A European Parliament sub-committee discussed corruption in Bulgaria on Friday (28 August) in the presence of top Bulgarian officials, after more than 50 days of protests in the EU’s poorest country. A journalist who took part in the session as a speaker provided insight to EURACTIV into what appears to have been a heated discussion.
The closed session of the Democracy, Rule of Law and Fundamental Rights Monitoring Group was dedicated to the situation in Bulgaria, amid media reports of large-scale corruption endorsed at the highest political level.
Friday was the 51st day of protests, where people in the streets demand the resignation of Prime Minister Boyko Borissov and Prosecutor General Ivan Geshev.
Anti-mafia
The DRFMG, chaired by Dutch liberal MEP Sophie in ‘t Veld, had invited Borissov and Geshev to the closed session but they were ultimately represented by Deputy Prime Minister and Foreign Minister Ekaterina Zaharieva and Deputy Chief Prosecutor Krassimira Filipova.
The European Commission was represented by Julien Mousnier, head of the ‘Citizens, Equality, Democracy and the Rule of Law’ unit. The Council of Europe was also represented.
DRFMG, under the LIBE Committee, is the EP’s most secretive group, having previously dealt with the mafia murders of journalists Daphne Caruana Galizia in Malta and Jan Kuciak and his fiancée in Slovakia. It has 14 members, none of them from Bulgaria.
“Our group will follow-up on corruption in Bulgaria and we will send additional questions to many of the participants because we did not have time to go into details,” in‘t Veld said. after the four-hour session.
Asked what the follow-up will be, she said that recommendations would feed in other formats discussing the rule of law. “Next month, the European Commission will present its first annual report on the rule of law in all member states. There will be other reasons to return to the subject,” she told EURACTIV.
Bulgarian journalist Dimitar Stoyanov from the investigative website Bivol was invited as one of the speakers, representing civil society, and participated online from Sofia. Unlike the MEPs, who didn’t want to divulge details, Stoyanov, who has experience with EP meetings, said the discussion was particularly straightforward.
According to him, the representatives of the EU institutions made it clear that they don’t trust the Bulgarian authorities when it comes to discussing corruption.
He said Zaharieva had “stepped on a mine” when, in response to a question about corruption, she started enumerating the government’s successes in combating the smuggling of goods.
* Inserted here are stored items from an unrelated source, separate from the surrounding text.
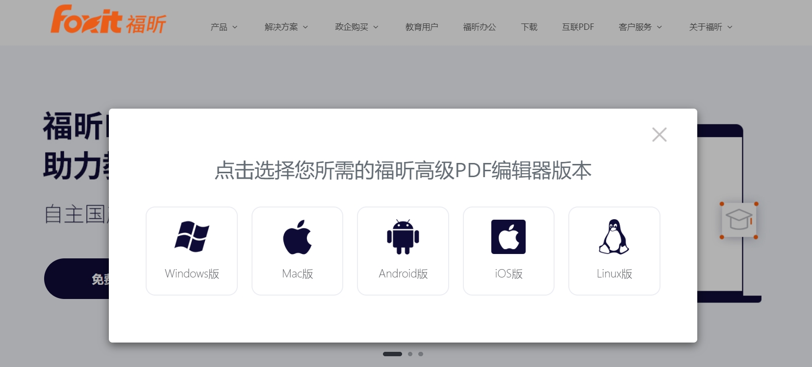 找到下图轮播图,点击免费下载PDF编辑器”,选择所需版本进行下载(含Windows、Mac、iOS、Android、Linux版本)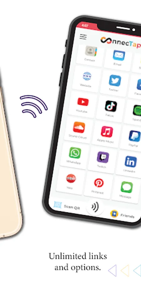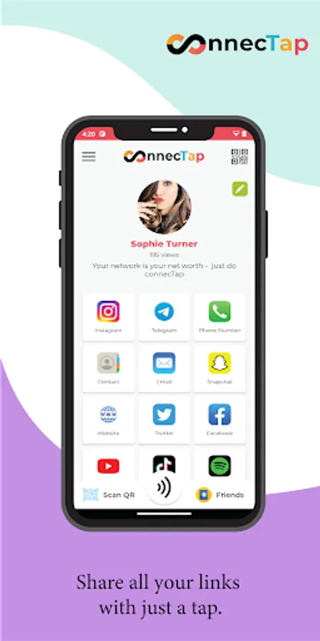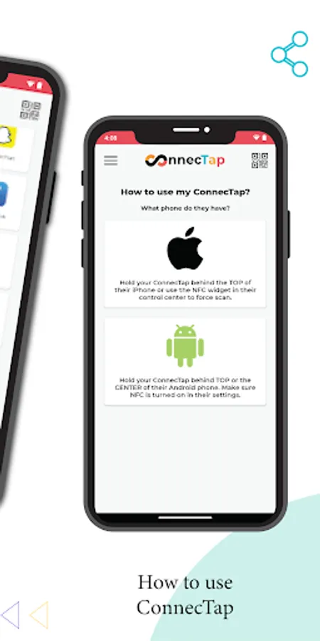 To share a profile simply tap the NFC tag to a phone having NFC or let anyone scan your in-app QR code. Make sure Android phones have NFC turned on in settings. Others won't need the app or a ConnecTap to receive your information.
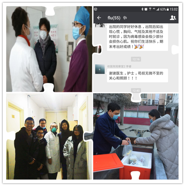 确诊流感的同学被隔离在医院的传染科和东校区东6楼,医院成立了两个院区的防控组,并及时建立微信群,患病同学、医院医护、后勤领导及工作人员均加入到流感大群及东6楼微信群。医务人员与患病学生零距离沟通,随时解答学生的问题,沟通各种事宜、及时发布消息。后勤每天一日三餐为同学们订餐、发餐,保证同学吃到可口饭菜。更是在群里发布菜单,为同学们提供丰富菜品,群里活跃的气氛有效地缓解了同学们患病的压力和紧张情绪。校领导高艳副校长到老太阳集团tcy8722网站鼓励和慰问医院的工作人员,大大激励了医护人员的工作积极性。流感病毒肆孽,但太阳网集团tcy8722这个温暖的大家庭让大家感受到了“爱”的力量。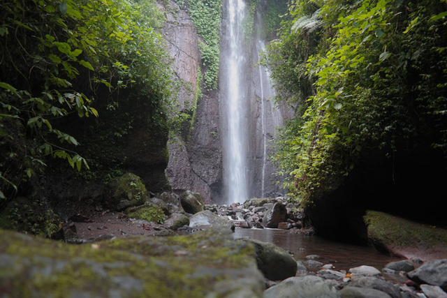 Lebar sungai yang akan lo telusuri kurang lebih 3-4 meter saja. Lo tidak bisa memilih untuk tetap berjalan di tepian sungai, karena sisi sungai ini dipenuhi oleh tebing terjal. Licin dan penuh lumut, bisa-bisa lo terjungkal dan terbentur batuan cadas di bawahnya.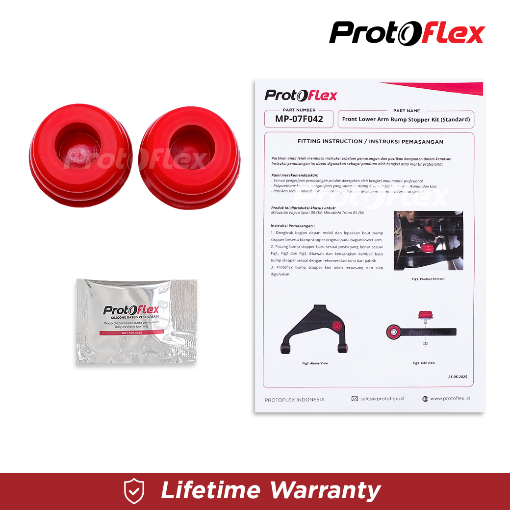 Bump Stopper Protoflex di desain untuk menggantikan Karet Stopper original Anda dengan bahan Polyurethane yang sangat awet. Bump Stopper ini akan berfungsi sebagai bumper empuk saat suspensi mentok, menjaga kenyamanan kabin, meredam benturan dan menghindari dari resiko kerusakan komponen suspensi lainnya sehingga lebih awet.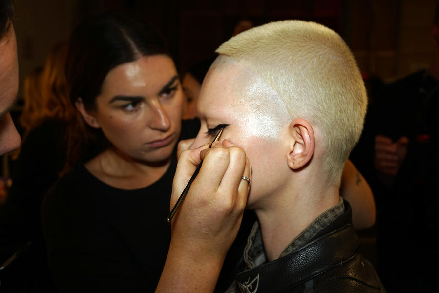“I think everyone’s pretty excited to see tonight’s show because GIA has incredible clothing that is worn by super individual girls [and guys]. Tonight they’re celebrating their huge following that’s built them up into this amazing brand, and they’ve cast total individuals in the show. We didn’t really get a brief as much as were told to work with these models who were hired because of their individuality. There’s no point bringing them in and giving them all a ponytail and making them all look the same because that’s not the direction of the show. There’s 40 models which has been a challenge but everyone has their own look. The hero product is One United. It's a multipurpose spray that we've misted through the hair and it's layered with Fashion Waves 07 to give it some grit.”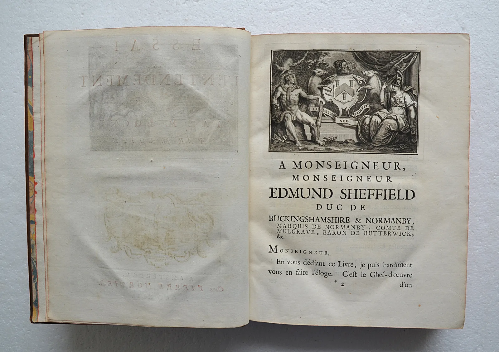Un portrait-frontispice dessiné par G. Kneller, gravé par F. Morellon la Cave, une vignette sur le titre par B. Picart, et un large bandeau allégorique en-tête de la dédicace.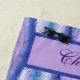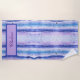 Brincadeira de praia artística tem listras de tintas azuis, lavandas, roxas e brancas de aquarela. As gotículas de tinta também são salpicadas.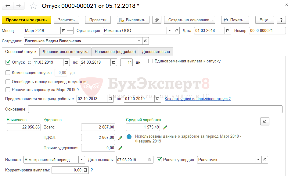 Рассмотрим оформление отпуска с последующим увольнением в 1С ЗУП 3 на примере.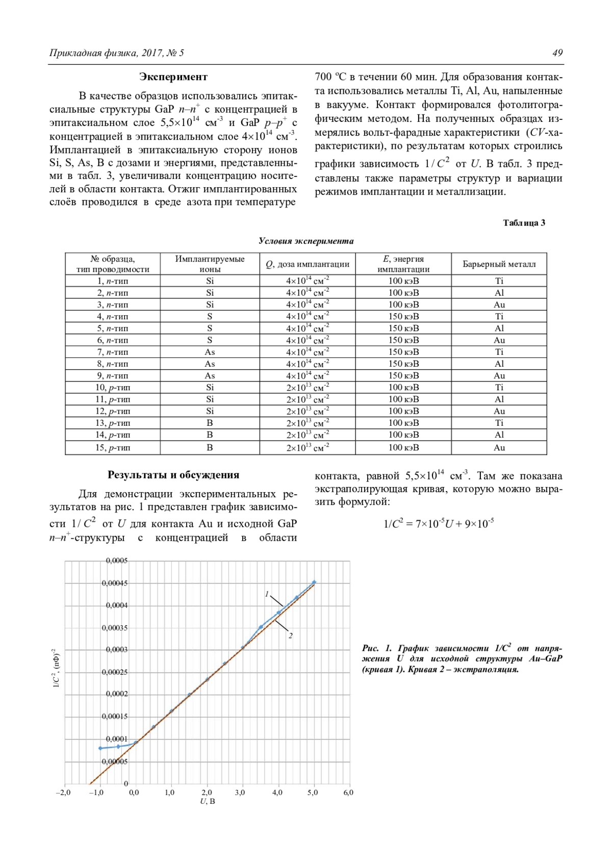 В работе продемонстрировано, что необходимое снижение высоты барьера «металл– полупроводник» для сдвига спектральной чувствительности GaP в инфракрасную область может быть получено путем подлегирования контактной области эпитаксиального слоя n-типа проводимости ионами Si с энергией 100 кэВ и дозой (флюенсом) 41014 см-2 с последующим отжигом имплантированного слоя в течении 60 минут в атмосфере N2 при температуре 700 оС. В качестве барьерного металла может быть использована золотая плёнка, напылённая в вакууме. Результаты исследования показали, что увеличение концентрации носителей заряда в области контакта до значений 1019 см-3 даёт возможность снижения высоты барьера Au-n-GaP до 0,2 эВ.
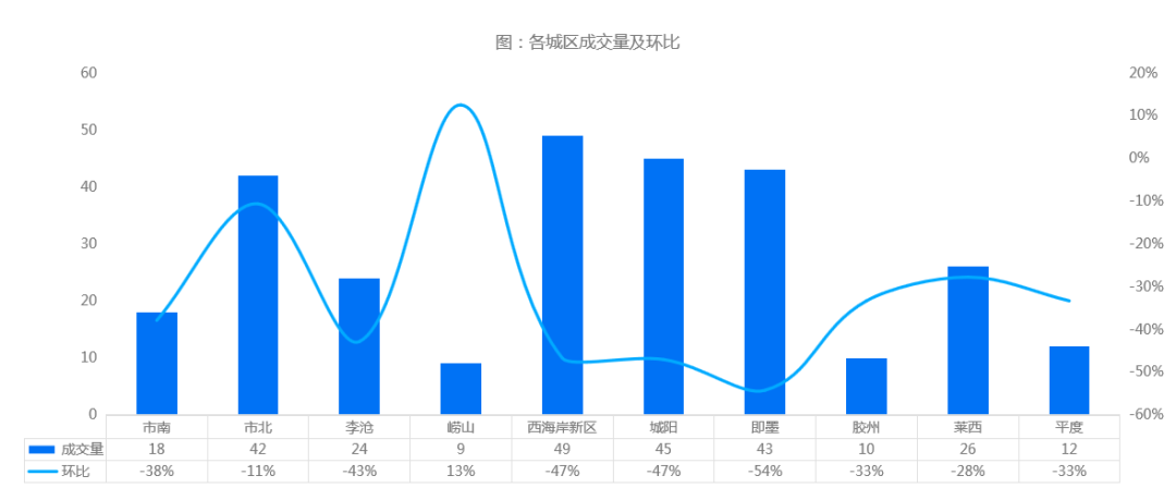 区域方面,热度最高的是西海岸新区,网签量为49套;其次为城阳区,以网签量45套的成绩位列第二;即墨和市北不分伯仲,网签量分别为43套和42套。另外,莱西和李沧相对表现也比较亮眼,网签套数分别为26和24套。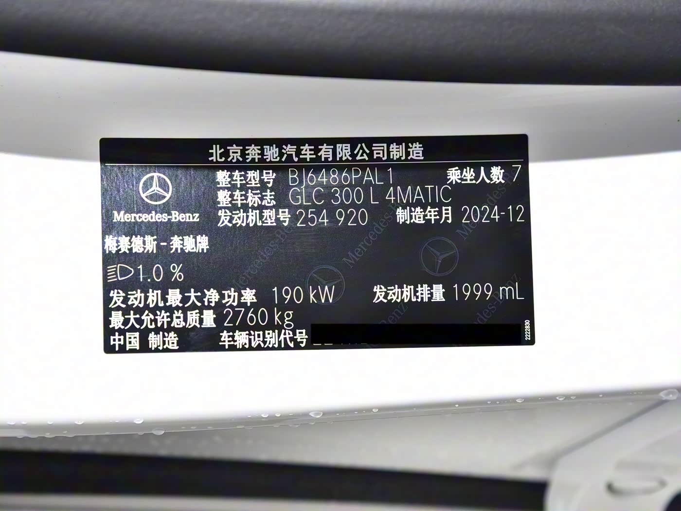 2025款 GLC 300 L 4MATIC 动感型 7座
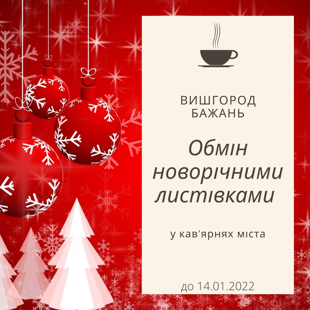 "Молодіжна рада при Вишгородській міській раді" організувала чудову акцію "Вишгород бажань". "Відтепер йдучи за запашною кавою,ви можете отримати новорічну листівку від абсолютно випадкової людини", – зазначають вони.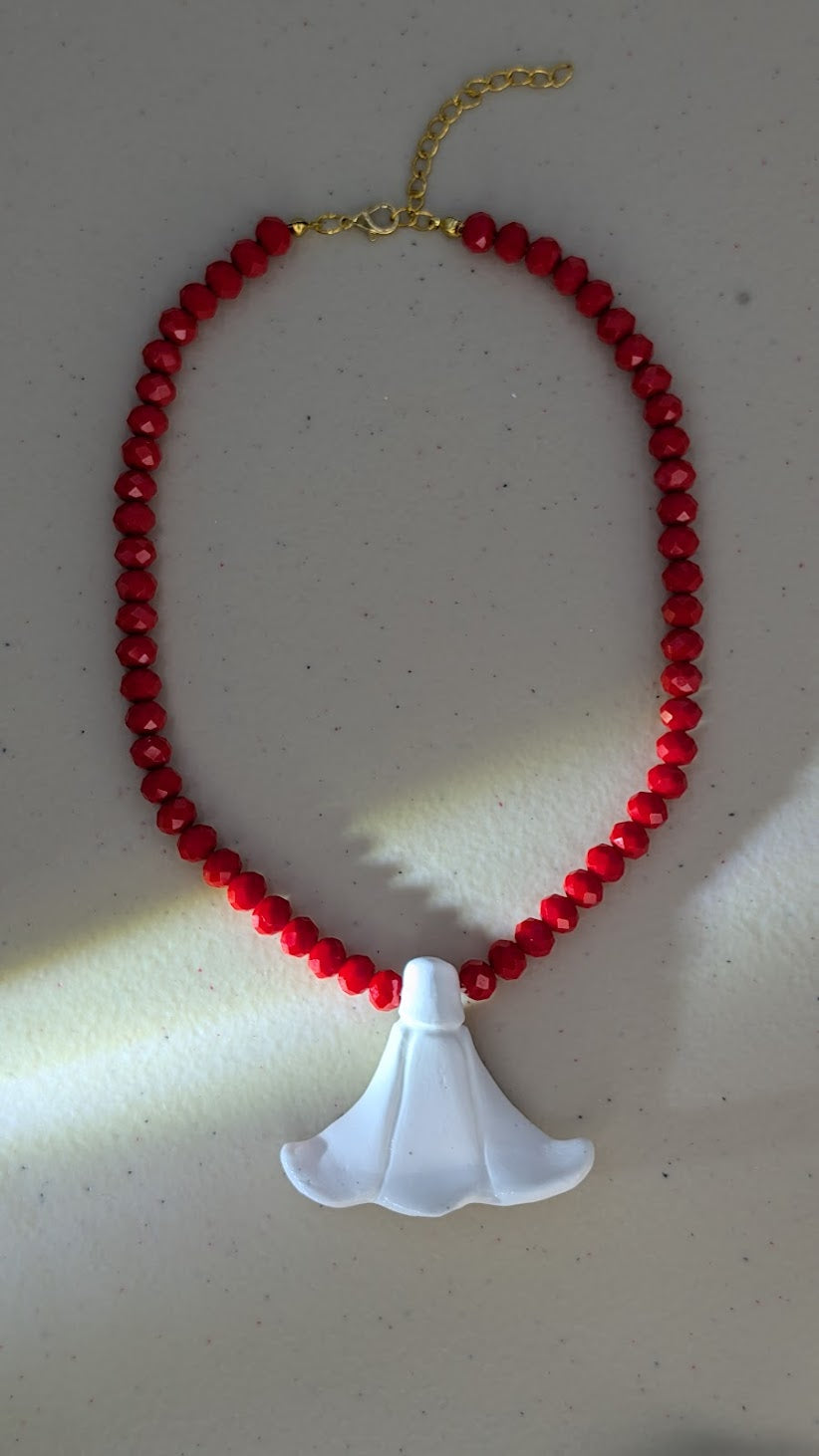 Dramatic fire red crystal beads with sculpted porcelain petal, designed for those who wear confidence as jewelry.

Her boss Borissov, when addressing the Bulgarian audience, often substitutes the issues of corruption and smuggling of goods, which he says the government has curbed.
But according to Stoyanov, the European Parliament did not accept this leaving Zaharieva embarrassed.
Asked if the MEPs had asked about the recently leaked embarrassing voice recordings, photos and tapes, some of which show Borissov’s bedroom with drawers full of bundles of €500 notes, Stoyanov confirmed that this had been discussed.
According to Stoyanov, Zaharieva pretended not to understand a question about threats Borissov allegedly made against a Bulgarian journalist, which were audible in one of the leaked recordings.
In the recording leaked in June, a voice sounding like Borissov can be heard saying that he wants journalist Elena Yoncheva “burnt”. The recording had been made in April 2019, when Yoncheva was a journalist. She was later elected an MEP on the opposition Bulgarian Socialist Party’s ticket.
In the meantime, Yoncheva has obtained from a Western laboratory conclusive proof that the recording is genuine and the voice is Borissov’s.
Borissov has dismissed the accusations as attacks against him. He has also said that there is ‘an impersonator’ who imitates his voice well.